Scientists at NASA’s Jet Propulsion Laboratory in Pasadena, California, are at work developing a new method of chemical analysis which stands to be 10,000 times more sensitive than any tests currently in use on any known craft, including the Mars Curiosity Rover. Seeker reported earlier in the week that, as more and more robotic missions to the Solar System’s planets and moons are being planned, scientists are working on a better chemistry test by which to detect specific types of amino acids — those tied to living organisms.
The newly devised method works by mixing a liquid sample collected from the surface of an alien planet with a chemical known as a liquid reagent. A laser is then shone across the mixture, the molecules therein contained can be seen moving at different speeds after being exposed to an electric field. Those different molecules can be identified. The entire process, called “capillary electrophoresis,” can be completed autonomously, without human aid, and has the added benefit of detecting multiple types of amino acids simultaneously.
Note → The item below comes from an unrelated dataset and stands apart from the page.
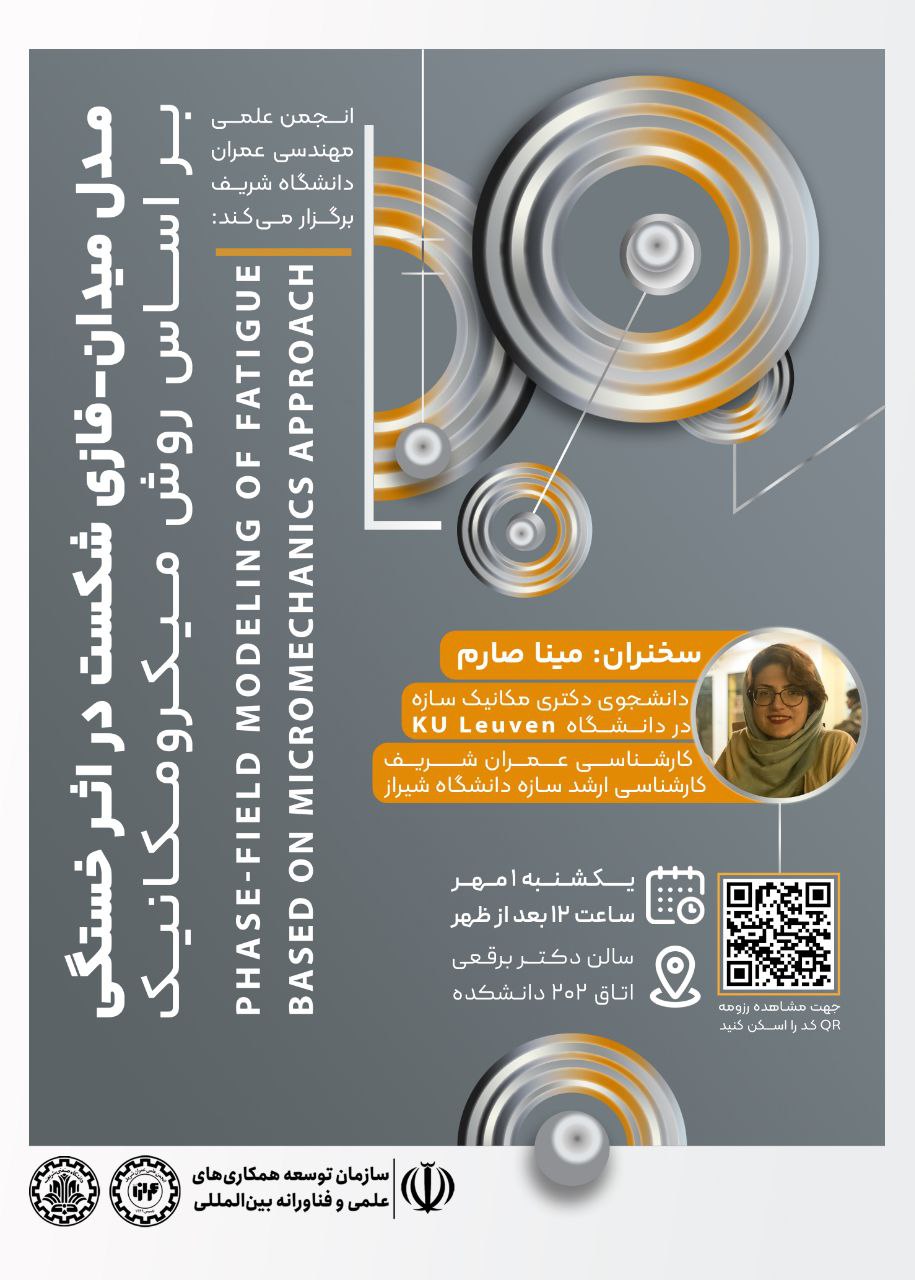 سخنرانی علمی سخنرانی علمی در دانشکده مهندسی عمران روز یکشنبه، یکم مهر، سخنرانی علمی با موضوع "مدل میدان-فازی شکست در اثر خستگی بر اساس روش میکرومکانیک" توسط خانم مینا صارم دانشجوی دکتری مکانیک سازه...

“Our method improves on previous attempts by increasing the number of amino acids that can be detected in a single run,” said postdoctoral researcher Jessica Creamer in a statement from the Jet Propulsion Laboratory (JPL). She noted that capillary electrophoresis had been around since the 1980s, and that the new method was an improvement on known processes. “Additionally, it allows us to detect these amino acids at very low concentrations, even in highly salty samples, with a very simple ‘mix and analyze’ process.”
NASA researchers, according to the JPL statement, “used the technique to analyze amino acids present in the salt-rich waters of Mono Lake in California. The lake’s exceptionally high alkaline content makes it a challenging habitat for life, and an excellent stand-in for salty waters believed to be on Mars, or the ocean worlds of Saturn’s moon Enceladus and Jupiter’s moon Europa.”
The project’s principal investigator at JPL, Peter Willis, said, “Using our method, we are able to tell the difference between amino acids that come from non-living sources like meteorites versus amino acids that come from living organisms.”
It is as yet unclear when the process will be packaged into a device that can be used to detect alien life.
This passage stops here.